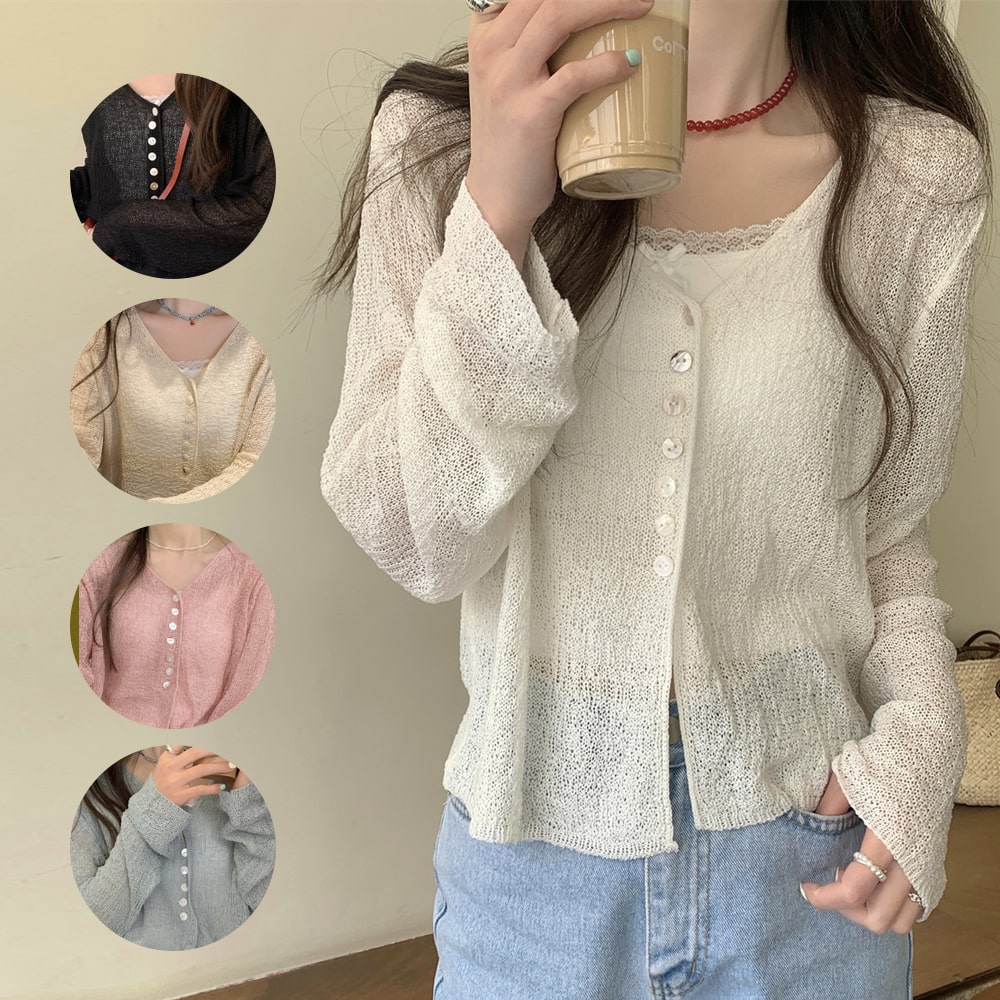 윗단추여리핏니트가디건 여름 브이넥 시스루 루즈핏
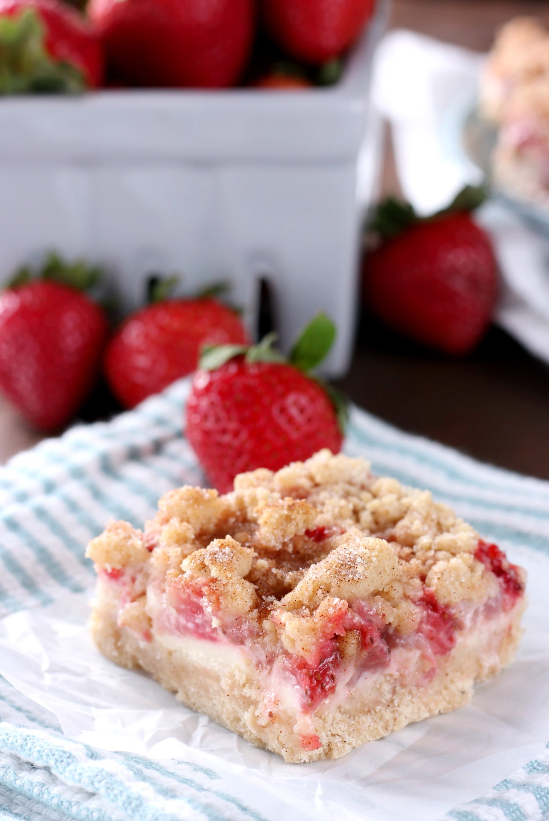 Sweet, summer strawberries and creamy cheesecake are sandwiched between layers of snickerdoodle cookies to create these irresistible Strawberry Snickerdoodle Cheesecake Bars!
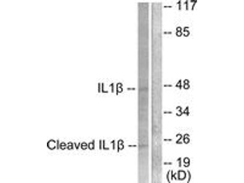 IL-1 beta (Cleaved-Asp210) Antibody detects endogenous levels of fragment of activated IL-1 beta resulting from cleavage adjacent to Asp210.

---

▸ **What this task involves**
Render the data above verbatim and without pictures.

▸ **Solution for this exercise**
 윗단추여리핏니트가디건 여름 브이넥 시스루 루즈핏
 Sweet, summer strawberries and creamy cheesecake are sandwiched between layers of snickerdoodle cookies to create these irresistible Strawberry Snickerdoodle Cheesecake Bars!
 IL-1 beta (Cleaved-Asp210) Antibody detects endogenous levels of fragment of activated IL-1 beta resulting from cleavage adjacent to Asp210.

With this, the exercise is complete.